Пришла Белозерцеву с воли трепетная весточка. Медсестра Рита принесла вчера утром аккуратно оторванную четвертушку из школьной тетрадки, и клочок этот второй день огнем жег Шуре ляжку. Всю ночь сегодня юлой вертелся, все придумывал, как за зону выскочить на часок.

Три дня всего и поработала у них в лазарете медсестричка Полина Строева, и было это два месяца назад, а вот прислала записку, и Шура махом с резьбы соскочил. Месяц в ШИЗО готов был вытерпеть, только бы к ней слетать. Полина прямо писала, звала повидаться, а если получится, то и на ночку. Руки у Шуры тряслись, как у семнадцатилетнего, он и полы-то теперь мыл – за час до подъема встал! – чтобы эту тряску унять. Надо было как-то извернуться, да ничего путного в голову не лезло. Просить Горчакова о таком, подставлять его Шура не смел, лезть под проволоку ночью было страшновато, могли и стрельнуть. Его время от времени отправляли за зону по разовым пропускам, вот об этом он теперь и тосковал. И зло возил тяжелой тряпкой по загаженному, местами обледеневшему полу и бегал выплескивать воду.

Стылая ночь висела над лагерем, и еще часа три после общего подъема будет ночь, вот теперь бы и сгонять. Шура знал барак Полины в поселке, если бегом припустить, то минут десять. И он в который раз прижимался мысленно к ее теплой груди и заглядывал в мягкие глаза.

Разбудило это нежданное письмецо подзабытое, но живое, не вытравленное окончательно чувство. Удивительное чувство, неизвестно где и дремлющее в человеке и непонятно как являющееся вдруг между мужчиной и женщиной. Никогда Белозерцев, даже про себя не произнес бы слово «любовь», совсем не подходящее к заключенному и его жизни. Но это была любовь, Шура очень чувствовал ее в себе, трепетная, в небесные выси поднимающая задроченного зэка от его скотской жизни. Все бы отдал Шура за это теплое прикосновение воли.

Лазарет, устроенный в большой палатке, был битком. Нары типа «вагонка» стояли не только вдоль стен, но и в середине, сейчас здесь больше шестидесяти больных помещались и шесть человек персонала. Свободными оставались только узкие проходы да немного места вокруг трех металлических печек, обложенных кирпичом. Возле печек было жарко до пота, по углам подмерзало, а во всем лазарете такой духан стоял, что ноздри разъедало. И гнили, и пердели, и под себя ссали… И сортир на шесть очков здесь же за брезентовой перегородкой был выкопан.

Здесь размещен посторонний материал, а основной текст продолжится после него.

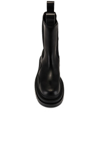 Details - Vegetable tanned calfskin leather upper with rubber sole - Made in Italy - Pull-on styling with gore side panels - Tonal elastic side panels and back and front loops - Chunky tread sole - Bulky rounded toe - Fits large to size, take a full size smaller than normal - Approx 50mm/ 2 inch heel - Shaft measures approx 241mm/ 9.5 inches in height - Approx 31mm/ 1.25 inch platform - Our Style No. BOTT-MZ21 - Manufacturer Style No. 630284 VBS50 1378

Всю левую сторону занимали прооперированные. Аппендициты, геморрои, выпадение и ущемление прямой кишки. От тяжелой работы с этим добром привозили каждый день. Здесь же лежали и просто с огнестрельными и ножевыми ранами. Через проход за перегородкой из простыней стонали заразные, рожистые больные. Стонали, и подвывали от изнуряющей, почти не прекращающейся боли, и матерились тихо на весь белый свет.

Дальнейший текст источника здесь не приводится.